La caricature est savoureuse. On y voit un bourgeois passablement saoul, la main appuyée à une commode pour se maintenir en équilibre devant sa dame en pleurs. »Est-il permis de revenir de Bercy dans un état pareil ? Un homme établi » (…),fait dire la légende à la femme. »Eh ben quoi ? Puisque j’aime l’eau ! On ne peut plus aimer l’eau, à présent ? » répond l’homme. Le dessin est signé du caricaturiste Honoré Daumier (1808-1879). Il rappelle ce qu’était Bercy au XIXe siècle : un lieu où les Parisiens venaient en masse pêcher et faire du canotage les dimanches et jours fériés. Un lieu, surtout, où l’on buvait, souvent en quantité, le vin étant ici moins cher que dans la capitale. Car le quartier, où s’était développé un marché de négoce de vin, était alors en dehors de Paris et, donc, exempt des taxations appliquées sur les marchandises entrantes. Clin d’oeil de l’Histoire, l’impôt était prélevé au mur des Fermiers généraux, situé à la place de l’actuel ministère de l’Économie et des Finances.
« Quand on se promène aujourd’hui sur la terrasse dominant la voie sur berge ou sur les gradins extérieurs du Palais Omnisport de Paris Bercy, on a du mal à imaginer l’effervescence qui régnait au XIXe siècle le long du quai et dans les rues occupées à présent par le paisible parc de Bercy », note Lionel Mouraux, président de la Photothèque des jeunes Parisiens, dans son ouvrage « Bercy, au fil du temps »(Parimagine). Il y retrace l’histoire de ce quadrilatère d’une quarantaine d’hectares qui n’a guère été modifié au cours du temps. C’est à partir de la Révolution qu’un marché de dépôt de vin s’y installe, en raison de la proximité de la Seine. Bercy n’abrite alors que des résidences, dépendances du château de Bercy situé plus à l’est. Cédées à la haute bourgeoisie désireuse d’avoir un pied-à-terre à la campagne, elles seront transformées en entrepôts avec leurs jardins et deviendront, un siècle plus tard, le plus grand marché viticole du monde.

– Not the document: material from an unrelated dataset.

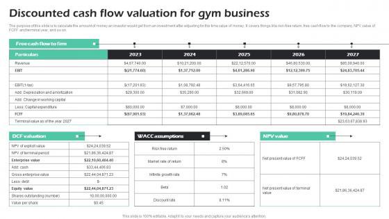 The purpose of this slide is to calculate the amount of money an investor would get from an investment after adjusting for the time value of money. It covers things like risk-free return, free cash flow to the company, NPV value of FCFF and terminal year, and so on. Find highly impressive Discounted Cash Flow Valuation For Gym Business Fitness Center Business Plan Topics Pdf on Slidegeeks to deliver a meaningful presentation. You can save an ample amount of time using these presentation templates. No need to worry to prepare everything from scratch because Slidegeeks experts have already done a huge research and work for you. You need to download Discounted Cash Flow Valuation For Gym Business Fitness Center Business Plan Topics Pdf for your upcoming presentation. All the presentation templates are 100 percent editable and you can change the color and personalize the content accordingly. Download now. The purpose of this slide is to calculate the amount of money an investor would get from an investment after adjusting for the time value of money. It covers things like risk-free return, free cash flow to the company, NPV value of FCFF and terminal year, and so on.

Si Bercy est avant tout un lieu de travail, il attire rapidement les Parisiens, qui y achètent leur vin à moindres frais. Son cadre champêtre en fait une destination de promenade. Guinguettes et auberges s’installent du pont de Bercy à l’actuelle avenue des Terroirs de France. Fondé en 1784, le Rocher de Cancale était l’un des plus célèbres établissements. »C’est la véritable Bourse de Bercy,écrit Alfred Sabatier, un journaliste et négociant de l’époque.Ici, vous pouvez savoir si le temps ou l’oïdium va avoir une importance quelconque sur le margaux ou le minervois ; si le brouilly va cette année détrôner le sauternes. » Un autre lieu, les Terrasses (voir illustration), deviendra le rendez-vous attitré des canotiers. C’est l’époque du « joyeux Bercy », pour reprendre l’expression de Lionel Mouraux. Une époque avec laquelle le cours Saint-Emilion, aujourd’hui centre commercial à ciel ouvert, entend renouer, dans une version néanmoins bien plus aseptisée. Seul le musée des Arts forains, par sa nature populaire et festive, semble en reprendre l’héritage (voir encadré).
Insouciance.
Au XIXe siècle, les affaires se concluaient souvent autour de la table. Les guinguettes sont réputées pour les fritures et les « matelotes », bouillabaisses de poissons d’eau douce. »Chacune d’elles possédait à l’arrière sa tonnelle(…),propice à l’idylle, à l’aventure galante », écrit Lionel Mouraux. C’est dans le quartier qu’est mise au point la recette de l’entrecôte Bercy (cuite sur les douelles) ou celle de l’entrecôte Marchand de vin (sauce aux échalotes, beurre et vin). Dans ce cadre en apparence idyllique, deux fléaux menacent néanmoins l’insouciance ambiante : les inondations et les incendies parfois considérables, attisés par la présence de l’alcool, du bois et de la chaume des toits.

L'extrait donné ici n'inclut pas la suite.